• **WHAT TO PRODUCE**
Would you please copy the entries exactly, leaving every picture aside?

[Source records]
((

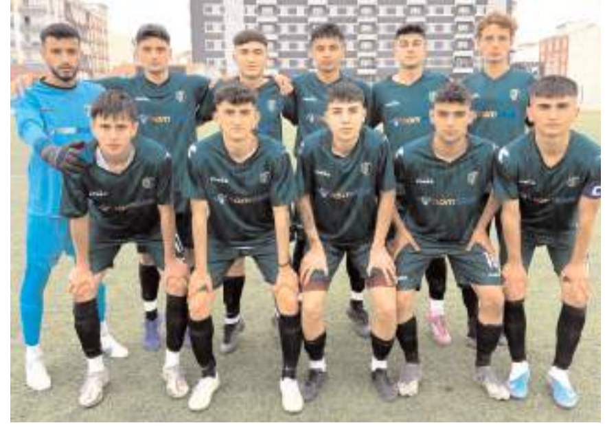
Mimar Sinan U 18 takımı Kırıkkale grubunda ilk maçında rahat kazandı
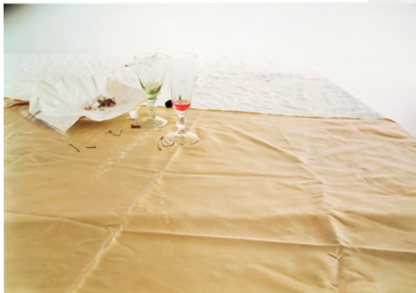
Laura Letinsky Untitled No. 48 de la série / from the series I did not remember I had forgotten 2002, tirage / print 2007 / épreuve couleur / colour print 61 × 89 cm

Puits de lumière (2014), c'est la construction géométrique d'un escalier intérieur, avec sa moquette baroque, qui domine, ainsi que la provenance de la lumière dans ce « puits » ; en effet, comme par inversion, la lumière émane étrangement des étages inférieurs et non du toit comme on pourrait s'y attendre. Quelle est donc cette mystérieuse source lumineuse qui habite littéralement l'escalier et son garde-fou, et leur donne forme ? Serait-ce l'esprit de la photographie ?
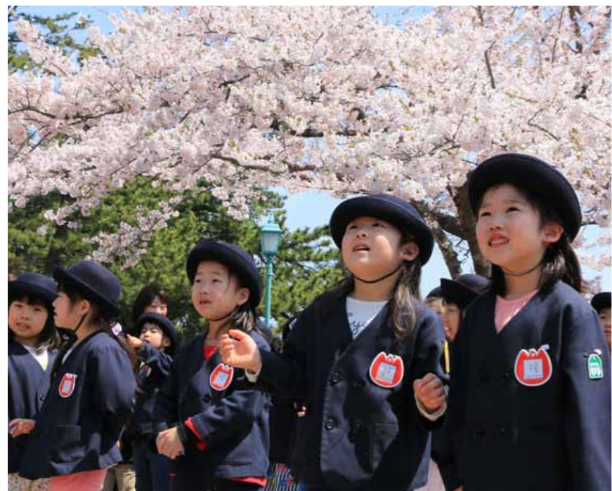
花咲か大作戦 2018 夏の陣募集。来年の春もたくさんの桜の花を咲かせたいね。〈多くのご参加お待ちしております。〉
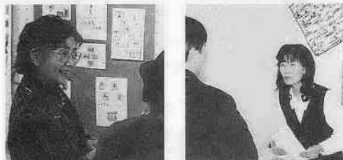
切手展の会場で来場した方々に説明・応対する4人。
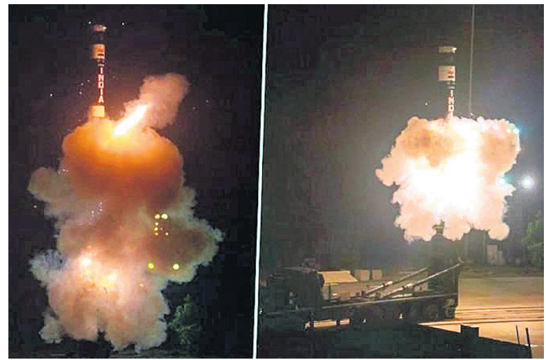
ପରୀକ୍ଷଣ ହୋଇଥିବା 'ଅଗ୍ନି ପ୍ରାଇମ୍' ମିଶାଇଲ।

ଭଦ୍ରକ ଜିଲ୍ଲା ଧାମରା ନିକଟସ୍ଥ ଅବତୁଳା କାଳୀମ ହାପୁଡ଼ା ବ୍ଲକ୍‌ରେ ରାତିରେ ଅତ୍ୟାଧୁନିକ ବାଲିଷ୍ଟିକ ମିଶାଇଲ 'ଅଗ୍ନି ପ୍ରାଇମ୍'ର ପରୀକ୍ଷଣ କରାଯାଇଛି। ଏହି ପରୀକ୍ଷଣ ସଫଳ ହୋଇଥିବା ତଥ୍ୟର ଉପରେ ପ୍ରତିଶ୍ରୁତି ଦିଆଯାଇଛି।
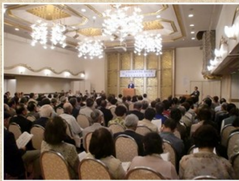
於：銚子プラザホテル
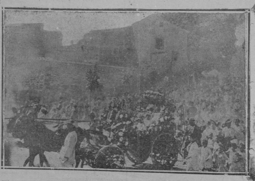
El artístico Carro de la Beata que se celebra en Valldemosa

))

• **TASK OUTPUT**
Mimar Sinan U 18 takımı Kırıkkale grubunda ilk maçında rahat kazandı
Laura Letinsky Untitled No. 48 de la série / from the series I did not remember I had forgotten 2002, tirage / print 2007 / épreuve couleur / colour print 61 × 89 cm

Puits de lumière (2014), c'est la construction géométrique d'un escalier intérieur, avec sa moquette baroque, qui domine, ainsi que la provenance de la lumière dans ce « puits » ; en effet, comme par inversion, la lumière émane étrangement des étages inférieurs et non du toit comme on pourrait s'y attendre. Quelle est donc cette mystérieuse source lumineuse qui habite littéralement l'escalier et son garde-fou, et leur donne forme ? Serait-ce l'esprit de la photographie ?
花咲か大作戦 2018 夏の陣募集。来年の春もたくさんの桜の花を咲かせたいね。〈多くのご参加お待ちしております。〉
切手展の会場で来場した方々に説明・応対する4人。
ପରୀକ୍ଷଣ ହୋଇଥିବା 'ଅଗ୍ନି ପ୍ରାଇମ୍' ମିଶାଇଲ।

ଭଦ୍ରକ ଜିଲ୍ଲା ଧାମରା ନିକଟସ୍ଥ ଅବତୁଳା କାଳୀମ ହାପୁଡ଼ା ବ୍ଲକ୍‌ରେ ରାତିରେ ଅତ୍ୟାଧୁନିକ ବାଲିଷ୍ଟିକ ମିଶାଇଲ 'ଅଗ୍ନି ପ୍ରାଇମ୍'ର ପରୀକ୍ଷଣ କରାଯାଇଛି। ଏହି ପରୀକ୍ଷଣ ସଫଳ ହୋଇଥିବା ତଥ୍ୟର ଉପରେ ପ୍ରତିଶ୍ରୁତି ଦିଆଯାଇଛି।
於：銚子プラザホテル
El artístico Carro de la Beata que se celebra en Valldemosa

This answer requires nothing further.